After an unfortunate ride home last night that ended with the right hand pedal stripping the thread from the crank arm (I must've crossed threaded it) I'm looking for a replacement. My current chainset is a Truvativ Isoflow 52/42/30 170mm Triple Crankset, and I would like to get as close a replacement as possible, but can't find anything online. 

As it is for my winter commuter, I'm not worried about colour or crank length, just ideally fit a square taper bottom bracket, able to use my current chainrings (130 BCD) and be a triple.

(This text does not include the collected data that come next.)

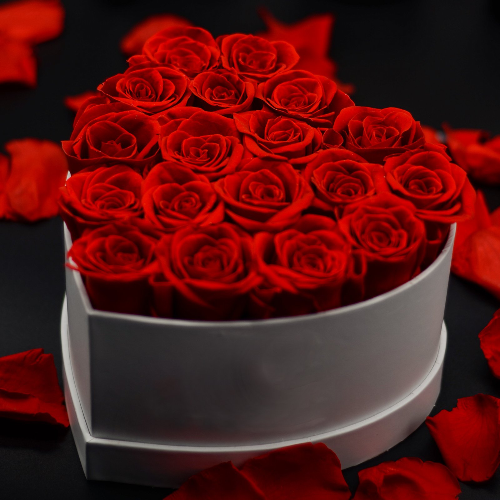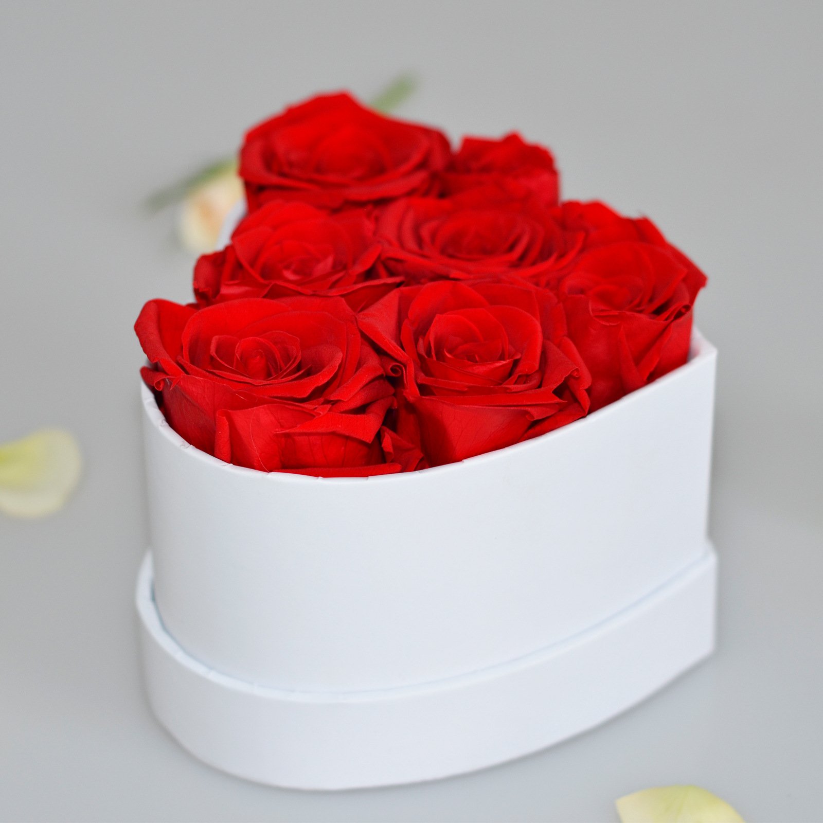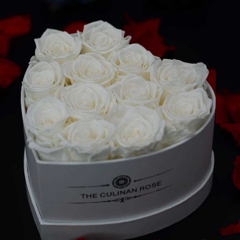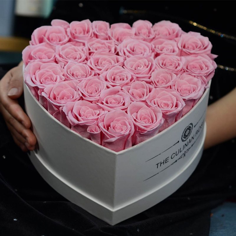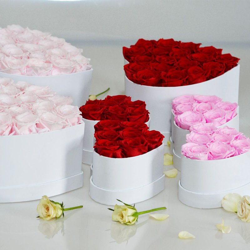 • Real preserved roses in heart, round, or square boxes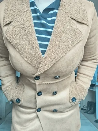 Abrigo de mujer interior borreguito suave, está en perfectas condiciones como nuevo, usado muy pocas veces. Excelente estado de conservación. - Doble botonadura frontal. - Cuello con solapa y forro de borreguito. - Puños con detalle de borreguito. - Bolsillos laterales.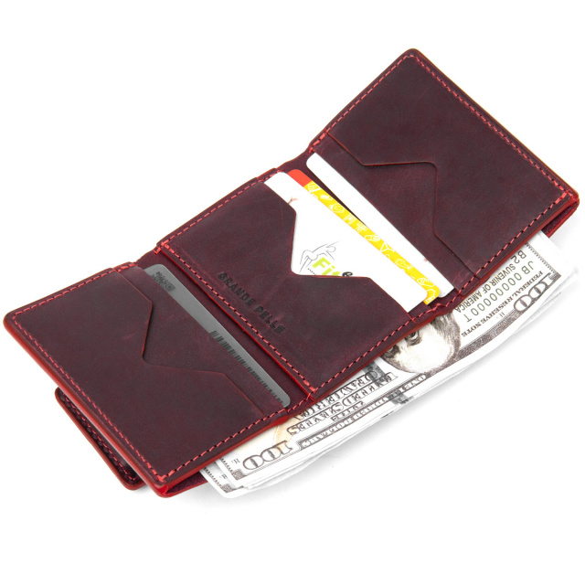 Практичне і дуже стильне портмоне з натуральної шкіри в елегантному бордовому кольорі. Має красиву фактуру з ефектом старовини, що дуже модно сьогодні. Всередині є 6 окремих слотів для візитних і кредитних карт, а також одне містке відділення для банкнот. Упаковка - фірмовий чохол. ОПЛАТА та ДОСТАВКА : накладний платіж з передоплатою 200 грн.Терміни відправлення : 1-3 робочих днів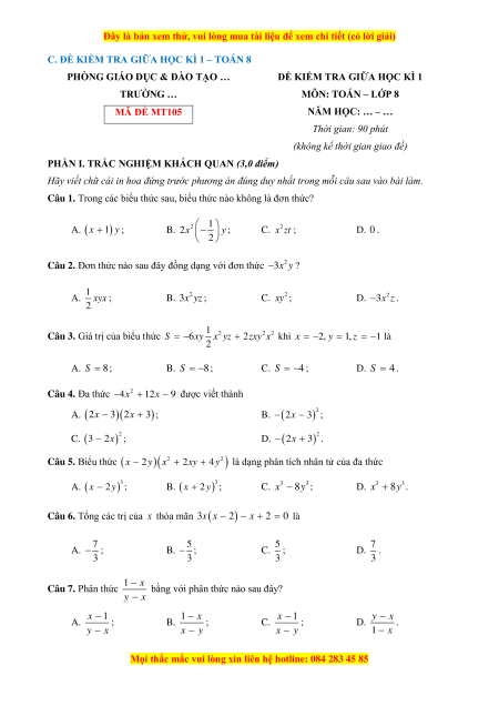 MÔN: TOÁN – LỚP 8 MÃ ĐỀ MT105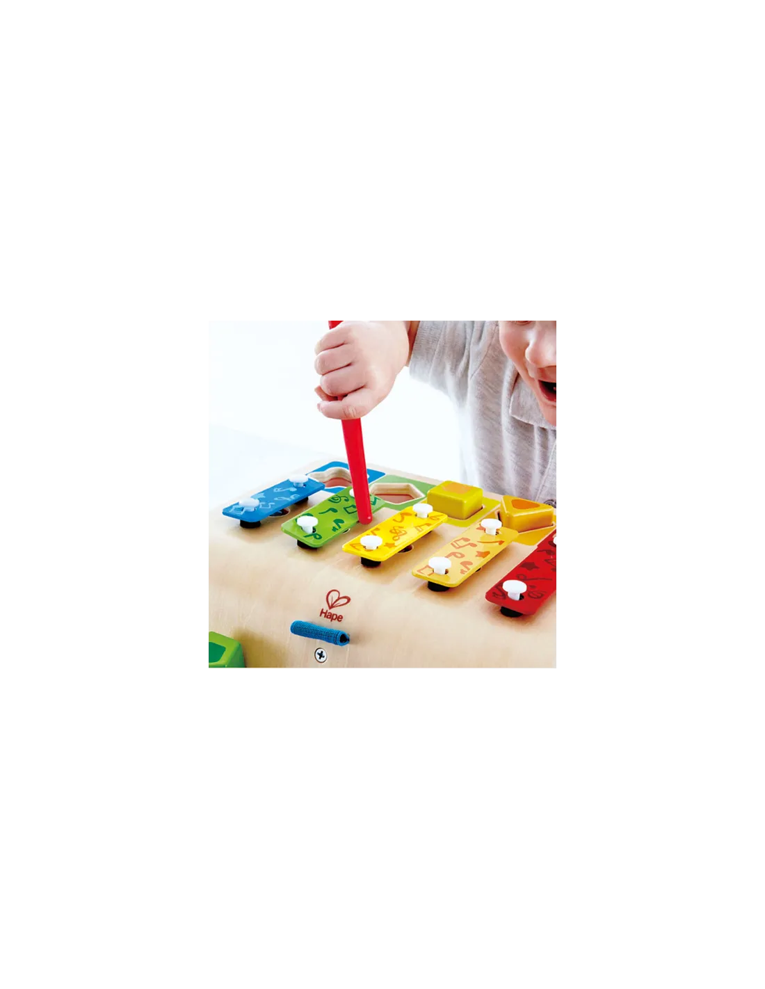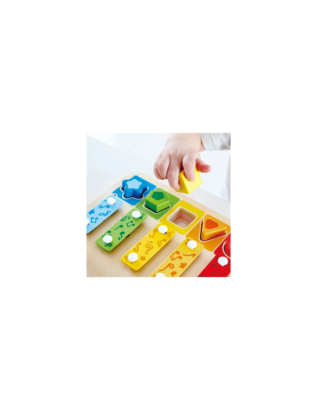 È un pianoforte? Un puzzle? O forse uno xilofono? In realtà è un giocattolo musicale che comprende tutte e tre le cose in un unico design semplice e colorato. Usalo come giocattolo musicale o come puzzle per insegnare ai bambini e bambine le forme, i colori e i suoni, il tutto mentre si divertono al massimo.

Any help greatly welcomed!


----------



## ColinJ (19 Sep 2014)

Stephen - if you can't find what you are looking for, take a look at the 110/74 BCD Stronglight triple chainsets at Spa Cycles. I have just fitted a 48/38/28 to my Cannondale. It is really nice, and at a bargain price. Fits Shimano BBs - I bought a UN55 and that is fine.


----------



## Sharky (19 Sep 2014)

If you have stripped the pedal threads, a firm like http://www.highpath.net 
Might be able to repair it. You could also have them re drilled down to 145mm and experience the benefits of short cranks.

Cheers keith


----------



## Stephen C (19 Sep 2014)

Thanks for the ideas, been in touch with a LBS so will take it to them to see if they can fix it, they seemed fairly confident they will find a solution!


----------